In Commissione Trasporti il confronto con RFI e Trenitalia: investimenti e nuovi sistemi tecnologici, ma i benefici reali per i pendolari sono ancora lontani.

Pendolari esasperati sulla Pinerolo-Chivasso: miglioramenti promessi, ma solo a partire dal 2029

Pendolari esasperati sulla Pinerolo-Chivasso: miglioramenti promessi, ma solo a partire dal 2029

Oggi, mercoledì 4 marzo, nella seconda Commissione Trasporti del Consiglio regionale del Piemonte, la linea ferroviaria Pinerolo–Chivasso torna al centro del dibattito politico. Non è la prima volta. Ma questa volta il confronto con RFI e Trenitalia mette nero su bianco un paradosso che i pendolari conoscono da anni: la linea che attraversa Torino da sud a nord continua a funzionare male oggi, mentre i benefici promessi vengono rinviati a domani.
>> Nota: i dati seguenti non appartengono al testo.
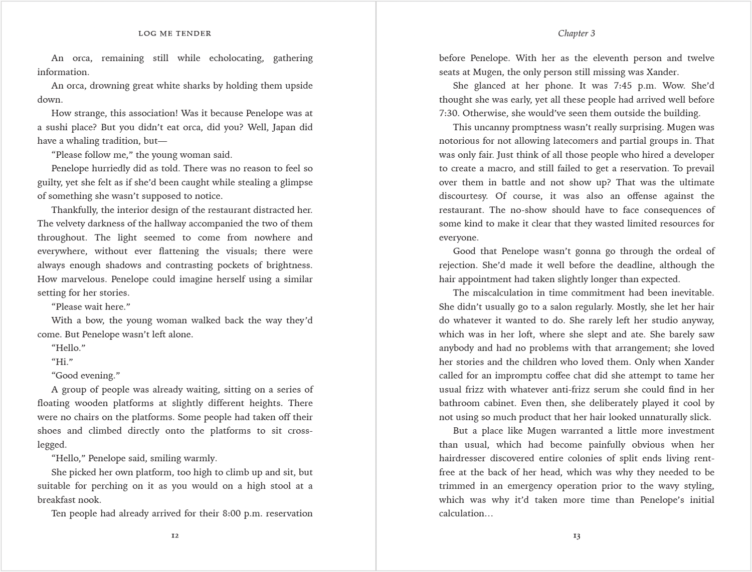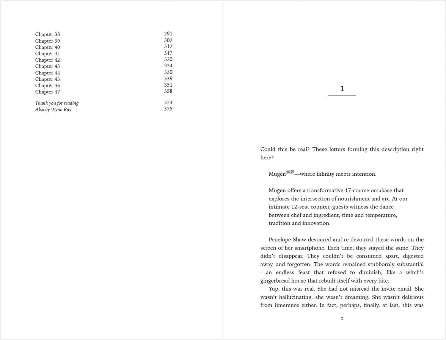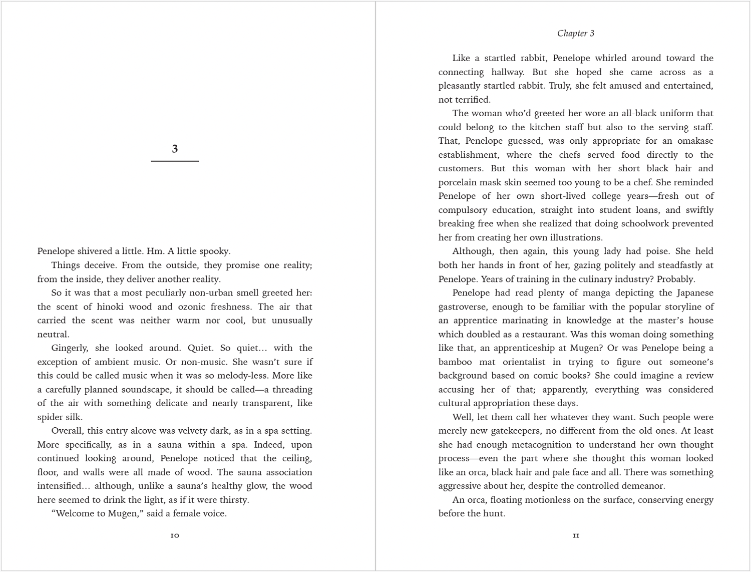 Finally! Penelope’s crush invited her to dinner at Mugen, an impossible-to-book omakase restaurant where “infinity meets intention.” She arrives expecting romance to bloom, and also to get inspired for her illustrations of culinary delights.
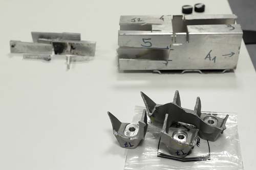 | 此為研發中的鋁合金車架原型,在焊接過程中容易因高溫而產生位移,因此需先以夾具固定。 |

Anzi, al 2029.

La seduta nasce da una richiesta di chiarimenti avanzata dalla consigliera regionale Monica Canalis, che riassume così il risultato dell’audizione: «Nel fuoco di fila di domande a RFI e Trenitalia siamo riusciti a chiarire alcune questioni relative alla linea Pinerolo-Chivasso, mentre altre sono state eluse».

Il punto centrale riguarda il nuovo sistema di segnalamento ERTMS, il sistema europeo che dovrebbe modernizzare la gestione della circolazione ferroviaria. La promessa è nota: meno guasti, più regolarità, maggiore capacità di traffico. Ma il calendario racconta un’altra storia. «L’attivazione non avverrà prima del 2029 e quindi gli utenti non percepiranno i benefici fino ad allora», spiega Monica Canalis.

Nel frattempo, i pendolari continueranno a viaggiare su una linea che da anni colleziona ritardi, soppressioni e sovraffollamento.

La domanda, a questo punto, è inevitabile: perché una linea che collega due territori importanti del Piemonte continua a vivere in un eterno cantiere?

Per capirlo bisogna tornare indietro di qualche mese, precisamente all’11 giugno 2025, quando nella stessa Commissione si era già svolta un’audizione con RFI e Trenitalia. In quell’occasione i consiglieri regionali avevano portato sul tavolo una lunga lista di problemi: sicurezza, informazione ai passeggeri, infrastrutture obsolete, materiale rotabile insufficiente.

La risposta dei gestori ferroviari era stata chiara su un punto: il sistema ferroviario metropolitano torinese è nel pieno di una trasformazione tecnologica che richiederà anni.

Secondo RFI, il sistema ERTMS/ETCS è destinato a «incrementare gli indici di regolarità ed efficienza, grazie ai nuovi apparati di gestione della circolazione e ai sistemi automatici». 

Il problema è che quel futuro tecnologico si scontra con un presente fragile. La linea SFM2, che collega Pinerolo a Chivasso, attraversa alcuni dei nodi ferroviari più complessi dell’area torinese e si appoggia a infrastrutture spesso datate. Il tratto tra Torino Porta Susa e Torino Lingotto, ad esempio, è uno dei punti più congestionati della rete.

Ed è qui che nasce uno dei nodi politici dell’audizione di oggi.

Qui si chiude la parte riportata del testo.